◆ **Your instructions**
When you reach the line with "Засіб для відбілювання" in the records below, begin transcribing exactly and continue up to and including the line with "معلومات الملف: الصف", leaving out every picture.

--- Records to use Enclosed Below ---

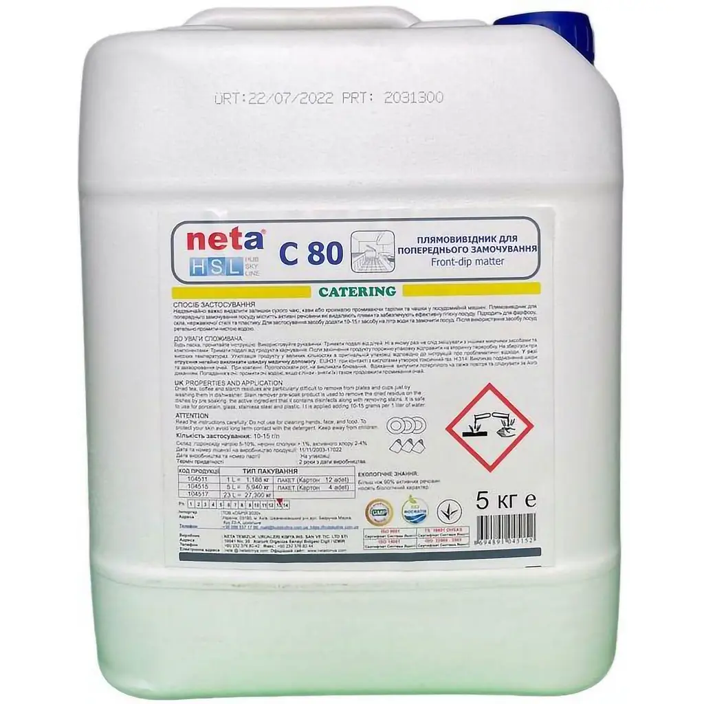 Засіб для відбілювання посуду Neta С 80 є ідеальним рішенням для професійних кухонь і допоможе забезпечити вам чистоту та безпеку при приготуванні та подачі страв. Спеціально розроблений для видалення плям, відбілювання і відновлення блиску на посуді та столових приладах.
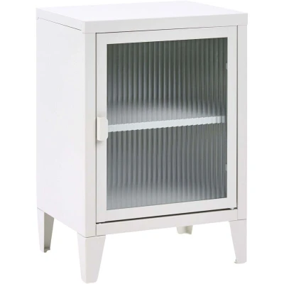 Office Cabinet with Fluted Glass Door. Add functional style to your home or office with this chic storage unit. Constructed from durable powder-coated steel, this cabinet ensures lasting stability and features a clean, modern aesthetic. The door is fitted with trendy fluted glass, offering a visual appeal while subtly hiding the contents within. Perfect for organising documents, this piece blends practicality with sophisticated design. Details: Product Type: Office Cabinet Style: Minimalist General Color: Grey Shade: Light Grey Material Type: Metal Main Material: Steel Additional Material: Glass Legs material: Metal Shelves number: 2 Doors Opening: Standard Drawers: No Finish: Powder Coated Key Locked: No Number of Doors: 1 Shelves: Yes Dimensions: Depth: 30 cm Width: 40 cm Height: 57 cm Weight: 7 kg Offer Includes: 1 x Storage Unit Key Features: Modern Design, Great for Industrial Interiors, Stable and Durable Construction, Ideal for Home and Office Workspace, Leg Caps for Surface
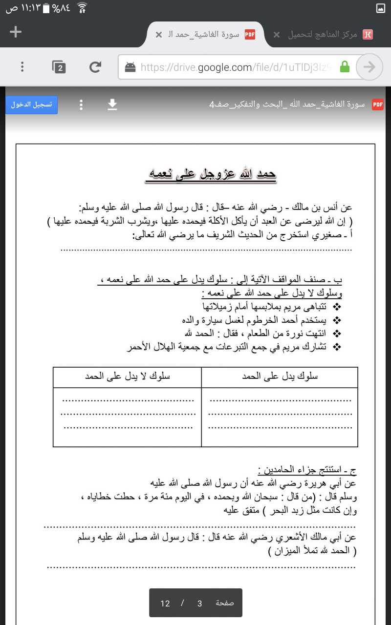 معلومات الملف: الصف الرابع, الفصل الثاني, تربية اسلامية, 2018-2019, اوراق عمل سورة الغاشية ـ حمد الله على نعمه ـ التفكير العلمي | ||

--- End of Enclosed Records to use ---
--- Records to use Enclosed Below ---

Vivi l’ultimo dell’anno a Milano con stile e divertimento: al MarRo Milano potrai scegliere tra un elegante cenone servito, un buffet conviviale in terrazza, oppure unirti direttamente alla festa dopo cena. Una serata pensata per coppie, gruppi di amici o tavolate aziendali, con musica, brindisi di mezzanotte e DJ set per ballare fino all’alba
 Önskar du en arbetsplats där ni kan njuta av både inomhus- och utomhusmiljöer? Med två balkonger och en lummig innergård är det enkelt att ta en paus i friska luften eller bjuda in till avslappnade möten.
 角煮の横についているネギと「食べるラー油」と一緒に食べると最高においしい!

--- End of Enclosed Records to use ---
--- Records to use Enclosed Below ---

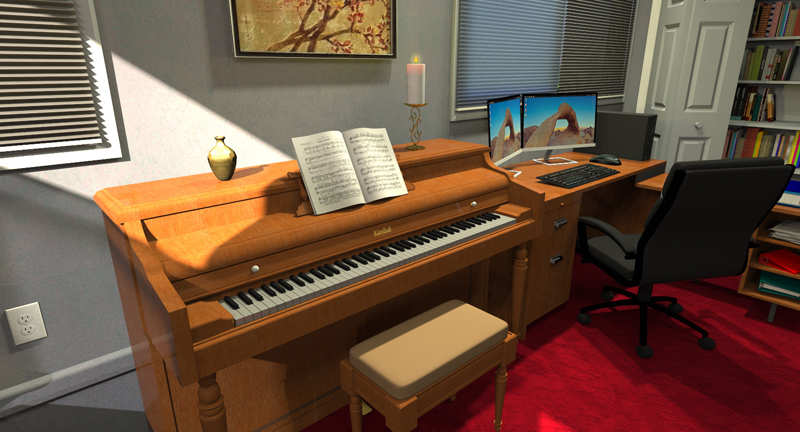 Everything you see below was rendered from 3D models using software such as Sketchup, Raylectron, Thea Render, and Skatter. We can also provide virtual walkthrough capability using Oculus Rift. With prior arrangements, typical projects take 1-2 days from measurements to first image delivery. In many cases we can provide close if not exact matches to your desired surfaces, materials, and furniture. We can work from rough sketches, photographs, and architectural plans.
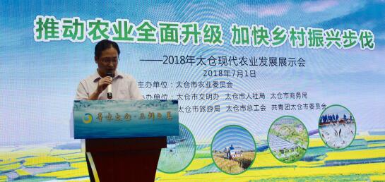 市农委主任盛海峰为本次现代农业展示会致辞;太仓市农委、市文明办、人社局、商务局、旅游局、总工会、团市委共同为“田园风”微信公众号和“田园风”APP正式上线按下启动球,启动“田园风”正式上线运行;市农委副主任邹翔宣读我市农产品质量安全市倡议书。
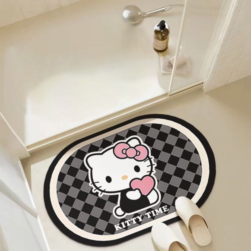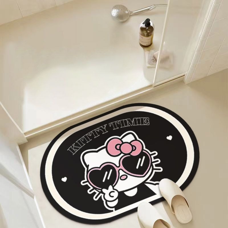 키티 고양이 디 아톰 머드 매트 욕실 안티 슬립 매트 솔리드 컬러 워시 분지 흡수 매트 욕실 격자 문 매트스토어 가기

--- End of Enclosed Records to use ---

◆ **Answer to the exercise**
 Засіб для відбілювання посуду Neta С 80 є ідеальним рішенням для професійних кухонь і допоможе забезпечити вам чистоту та безпеку при приготуванні та подачі страв. Спеціально розроблений для видалення плям, відбілювання і відновлення блиску на посуді та столових приладах.
 Office Cabinet with Fluted Glass Door. Add functional style to your home or office with this chic storage unit. Constructed from durable powder-coated steel, this cabinet ensures lasting stability and features a clean, modern aesthetic. The door is fitted with trendy fluted glass, offering a visual appeal while subtly hiding the contents within. Perfect for organising documents, this piece blends practicality with sophisticated design. Details: Product Type: Office Cabinet Style: Minimalist General Color: Grey Shade: Light Grey Material Type: Metal Main Material: Steel Additional Material: Glass Legs material: Metal Shelves number: 2 Doors Opening: Standard Drawers: No Finish: Powder Coated Key Locked: No Number of Doors: 1 Shelves: Yes Dimensions: Depth: 30 cm Width: 40 cm Height: 57 cm Weight: 7 kg Offer Includes: 1 x Storage Unit Key Features: Modern Design, Great for Industrial Interiors, Stable and Durable Construction, Ideal for Home and Office Workspace, Leg Caps for Surface
 معلومات الملف: الصف الرابع, الفصل الثاني, تربية اسلامية, 2018-2019, اوراق عمل سورة الغاشية ـ حمد الله على نعمه ـ التفكير العلمي | ||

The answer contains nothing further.